* DATA EXTRACTS *
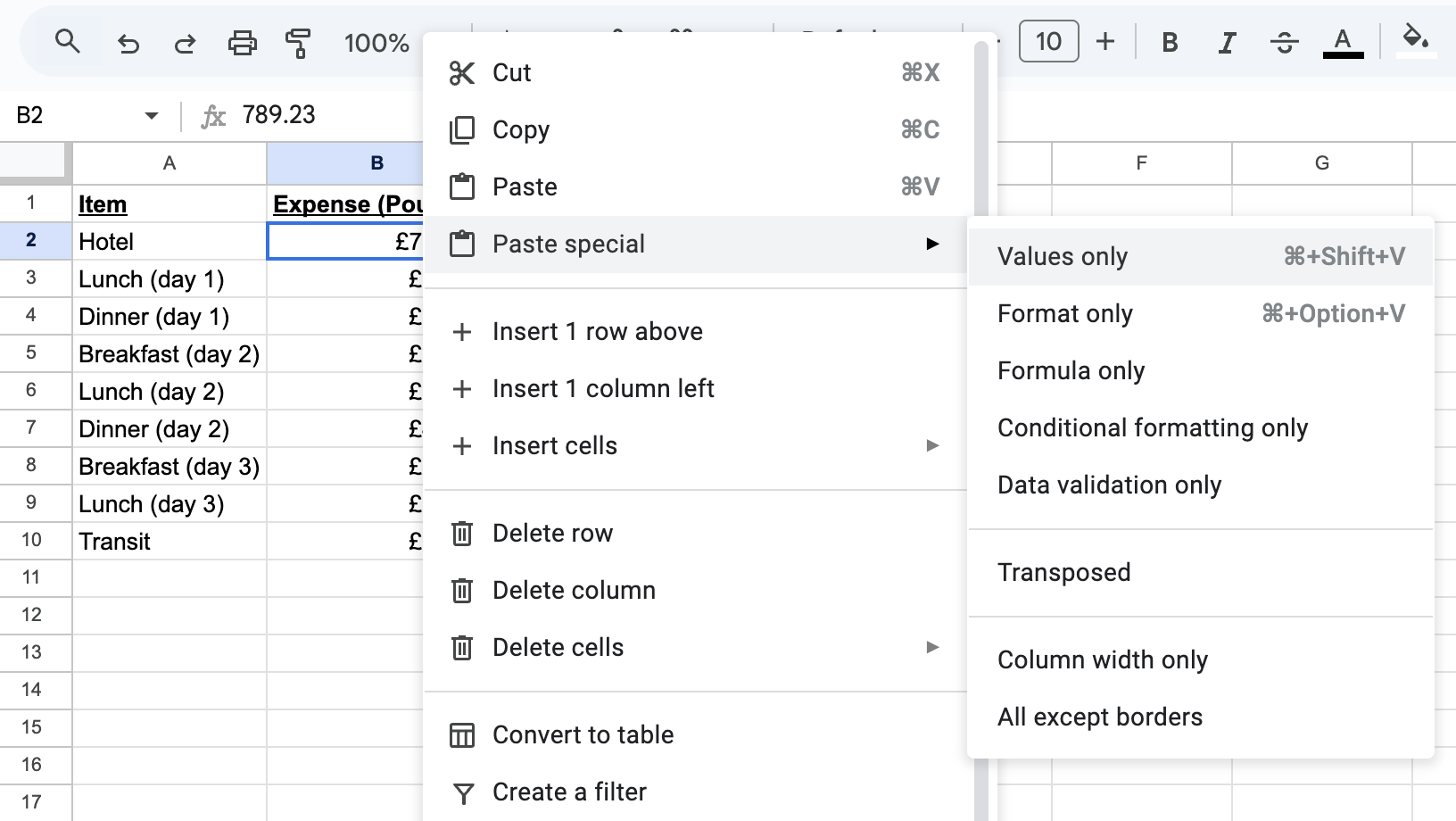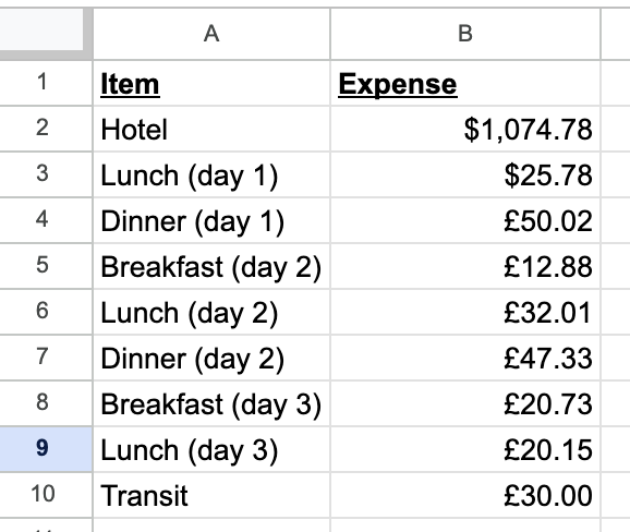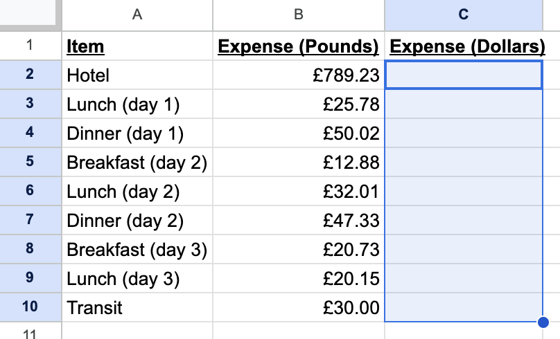 In this example, imagine that we need to make an expense report for a trip to London. We've got a list of amounts in pounds in column B.
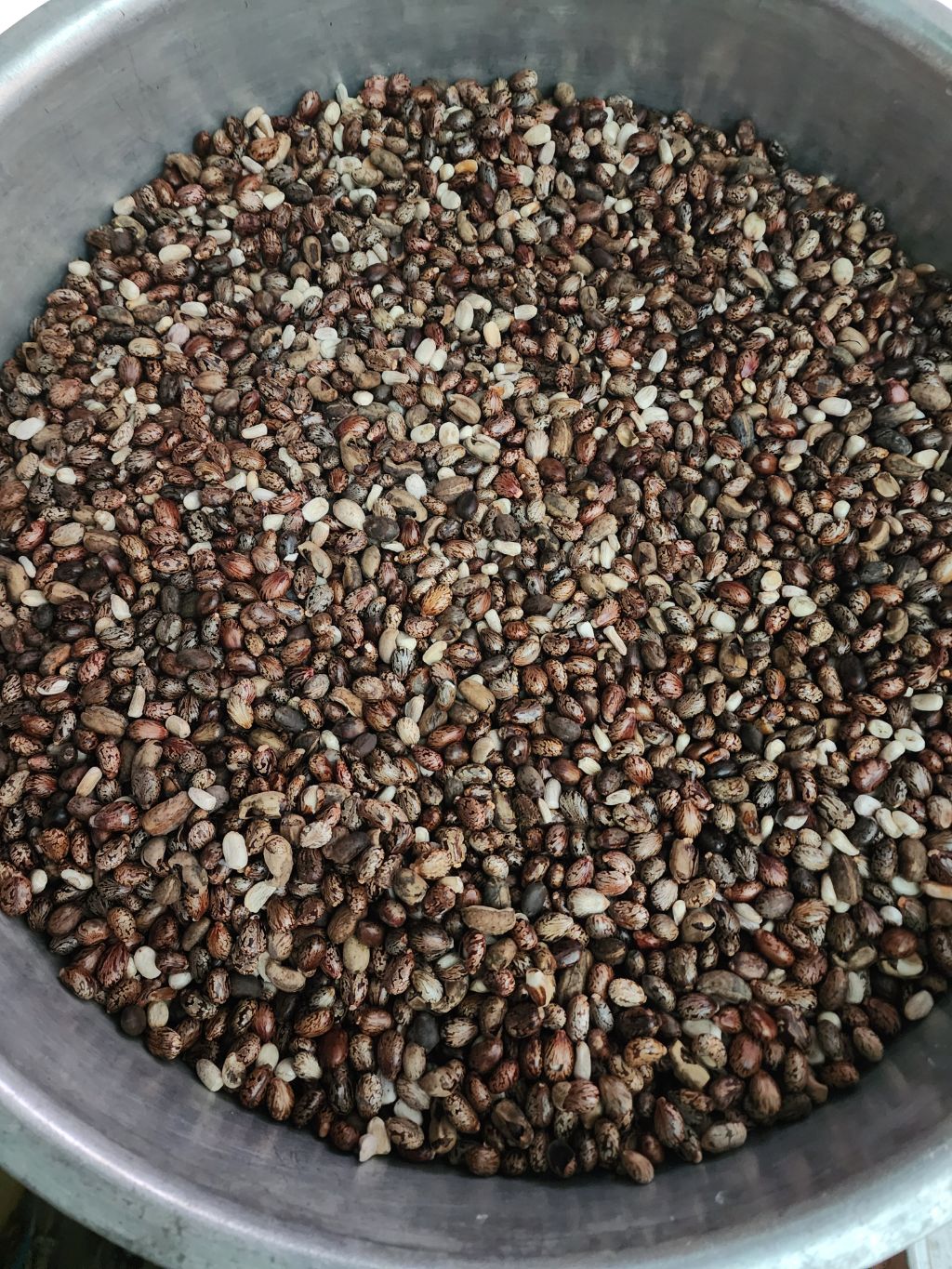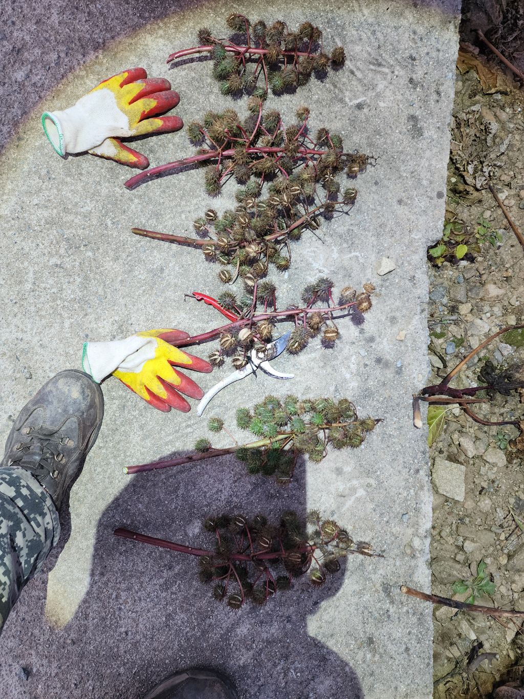 이렇게..벽돌로 원시적인 수작업 으로 아주까리 씨앗을 까야 합니다.
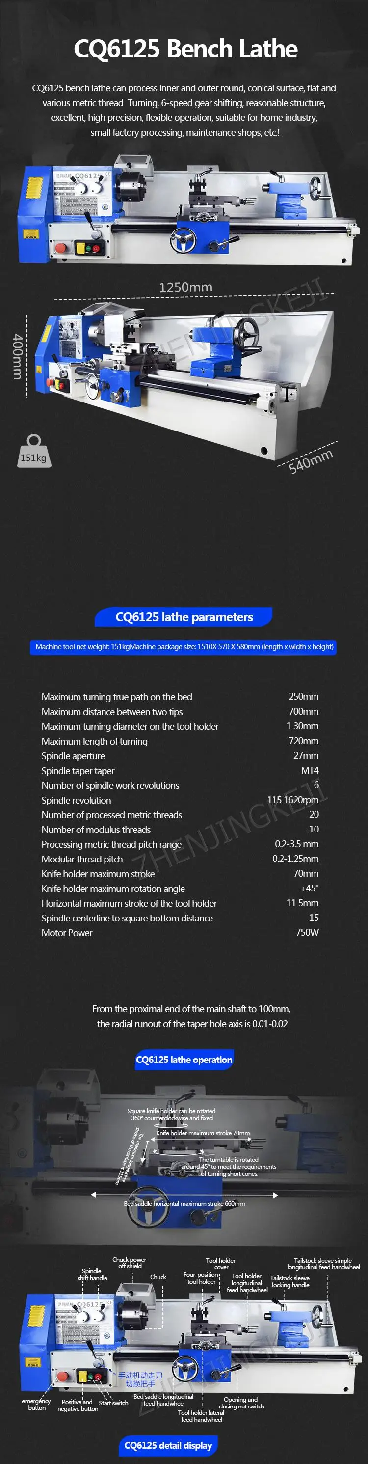 Проксимальный конец главный вал передаточного механизма выполнен до 100 мм, радиального биения коническим отверстием оси составляет 0,01 ~ 0,02 мм Максимальный диаметр обработки кровати: 250 мм Максимальный диаметр обработки заготовки при перевозке: 1 30 мм Расстояние между двумя центрами: 700 мм Диаметр патрона: 125 мм Диафрагма шпинделя: 26 мм Шпинделя с коническим отверстием производства: MT4. Скорость вращения шпинделя: 6 Диапазон скоростей шпинделя: 115-1620 R.P.M Обрабатывающие метрические типы резьбы: 20 / 0. 2-3,5 мм Обрабатывающие дюймовые типы резьбы: 20 / 8-56T. P.I Ход прицепа: 115 мм Инструмент пост-такт: 70 мм Максимальный угол вращения стойки инструмента: 45 градусов Задняя крышка рукава ход: 70 мм Конус рукава: MT2 Параметры двигателя: 750 Вт-220 В/380 В Размер упаковки: 1510*570*580 мм Вес брутто/Вес нетто: 180 / 165 кг
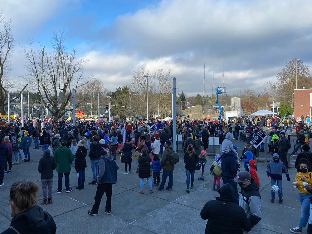 On Monday, Seattle's annual Martin Luther King, Jr. Day celebration drew hundreds to Garfield High School for the 39th consecutive year. Speakers at the rally highlighted the systemic barriers to safety, bias, and well-being for Black youth in Seattle, as well as a tribute to the late community health leader Willie Austin.
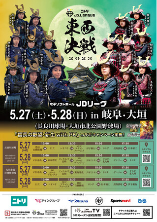 一般社団法人 日本女子ソフトボールリーグ機構(所在地:東京都新宿区霞ヶ丘町4-2 10階、代表理事:三宅 豊、島田 利正)は、5月27日(土)・28日(日)に長良川球場ならびに大垣市北公園野球場で予定しているニトリJD.LEAGUE 2023交流戦シリーズの開幕節「東西決戦in岐阜・大垣」開催に際して、「令和の関ケ原」オリジナルポスターを制作し、岐阜県内各所に掲示いたしますことを下記のとおりお知らせいたします。

* TASK DESCRIPTION *
All of the material above is to be copied exactly, with no pictures.

* TASK SOLUTION *
 In this example, imagine that we need to make an expense report for a trip to London. We've got a list of amounts in pounds in column B.
 이렇게..벽돌로 원시적인 수작업 으로 아주까리 씨앗을 까야 합니다.
 Проксимальный конец главный вал передаточного механизма выполнен до 100 мм, радиального биения коническим отверстием оси составляет 0,01 ~ 0,02 мм Максимальный диаметр обработки кровати: 250 мм Максимальный диаметр обработки заготовки при перевозке: 1 30 мм Расстояние между двумя центрами: 700 мм Диаметр патрона: 125 мм Диафрагма шпинделя: 26 мм Шпинделя с коническим отверстием производства: MT4. Скорость вращения шпинделя: 6 Диапазон скоростей шпинделя: 115-1620 R.P.M Обрабатывающие метрические типы резьбы: 20 / 0. 2-3,5 мм Обрабатывающие дюймовые типы резьбы: 20 / 8-56T. P.I Ход прицепа: 115 мм Инструмент пост-такт: 70 мм Максимальный угол вращения стойки инструмента: 45 градусов Задняя крышка рукава ход: 70 мм Конус рукава: MT2 Параметры двигателя: 750 Вт-220 В/380 В Размер упаковки: 1510*570*580 мм Вес брутто/Вес нетто: 180 / 165 кг
 On Monday, Seattle's annual Martin Luther King, Jr. Day celebration drew hundreds to Garfield High School for the 39th consecutive year. Speakers at the rally highlighted the systemic barriers to safety, bias, and well-being for Black youth in Seattle, as well as a tribute to the late community health leader Willie Austin.
 一般社団法人 日本女子ソフトボールリーグ機構(所在地:東京都新宿区霞ヶ丘町4-2 10階、代表理事:三宅 豊、島田 利正)は、5月27日(土)・28日(日)に長良川球場ならびに大垣市北公園野球場で予定しているニトリJD.LEAGUE 2023交流戦シリーズの開幕節「東西決戦in岐阜・大垣」開催に際して、「令和の関ケ原」オリジナルポスターを制作し、岐阜県内各所に掲示いたしますことを下記のとおりお知らせいたします。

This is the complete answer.